AIは「チャット相手」から「仕事のパートナー」「専用エージェント」へ

 こうした進化は、一般のユーザーにも少しずつ影響を与えていくはずだ。今のAIは「優秀なチャット相手」という印象が強いが、これから数年でその役割は「一緒に仕事を進めるパートナー」へ変わり、さらにその先では「自分専用のエージェント」に近づいていく可能性がある。

 例えば、朝起きる前にAIがその日の予定や交通状況を確認し、必要な予約を済ませ、メールの返信案まで用意してくれる。買い物では価格を比較し、在庫を確認し、条件に合う商品を選んで注文する。仕事では会議の内容をまとめ、次回のタスクを整理し、関係者へ共有するところまで任せられるようになるかもしれない。

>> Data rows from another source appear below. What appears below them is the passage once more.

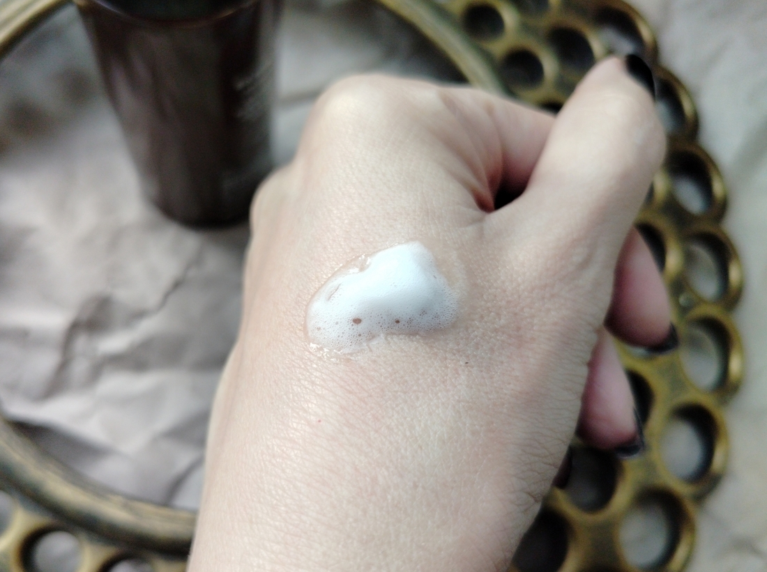 Наношу на очищенную сухую кожу, при соприкосновении с ней пенка мгновенно тает, становясь жидкой. Мягкими массажными движениям распределяю по коже, затем слегка похлопываю — так эссенция быстрее впитывается.
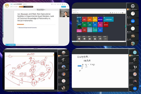 线上教学期间,老师们十八般武艺探索教学新技能、全方位做好学业指导。有的教师考虑线上课堂互动不足的问题,精心设计与学生的互动环节,通过分享DDR论文随机请同学完成课堂proposal报告,通过组织课堂小组研讨、互动答疑,有效提高教学质量。有的教师考虑到课程内容推导需要,创新板书形式,保证教学效果。有的教师除了给予学生学业指导,还对学生进行情绪疏导和鼓励,师生一心、共克时艰。
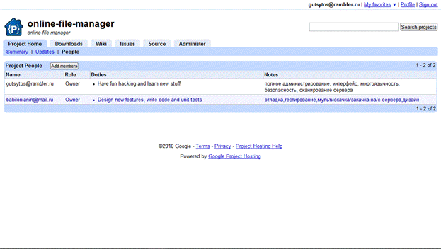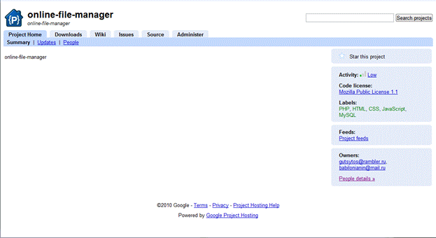 Для системы контроля версия мы использовали SVN. Для этого мы пользовались услугами сайта www. code. . Название нашего проекта online-file-manager. Разместив проект там, мы тут же приступили к постепенному выполнению проекта.
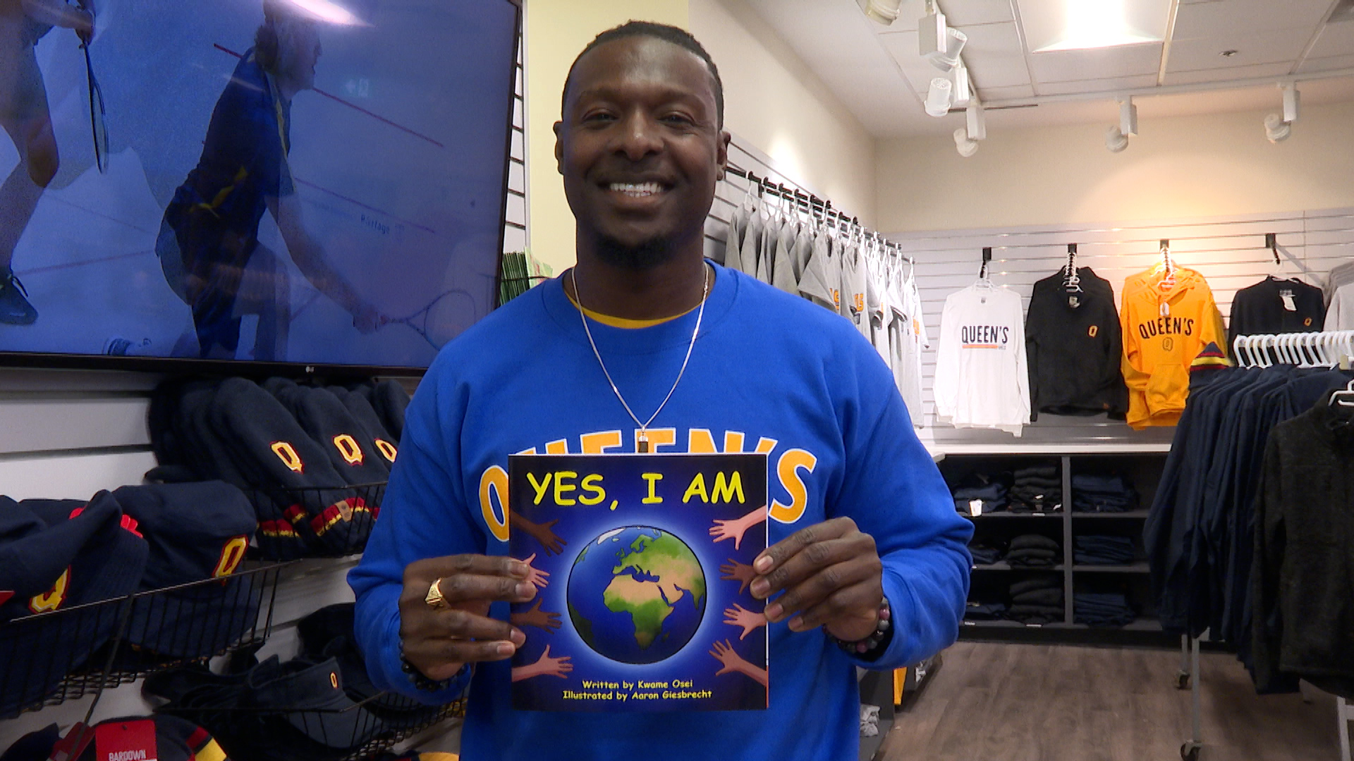 Kwame Osei poses with a copy of his book 'Yes, I am.'. Global News

 もちろん、こうした未来がすぐに実現するとは限らない。AIの信頼性や安全性、法制度など、乗り越えるべき課題はまだ多い。それでも、AI業界全体が「AIに質問する時代」から「AIに仕事を任せる時代」へ向かっていることは確かだ。その変化を支える計算基盤として、NVIDIAは「Vera Rubin」を開発している。

 普段、私たちが「Vera Rubin」という名前を目にする機会は多くないだろう。しかし数年後、「AIがここまでできるようになったのか」と驚く場面が増えたとき、その裏側では「Vera Rubin」のような巨大なAIインフラが静かに動いているのかもしれない。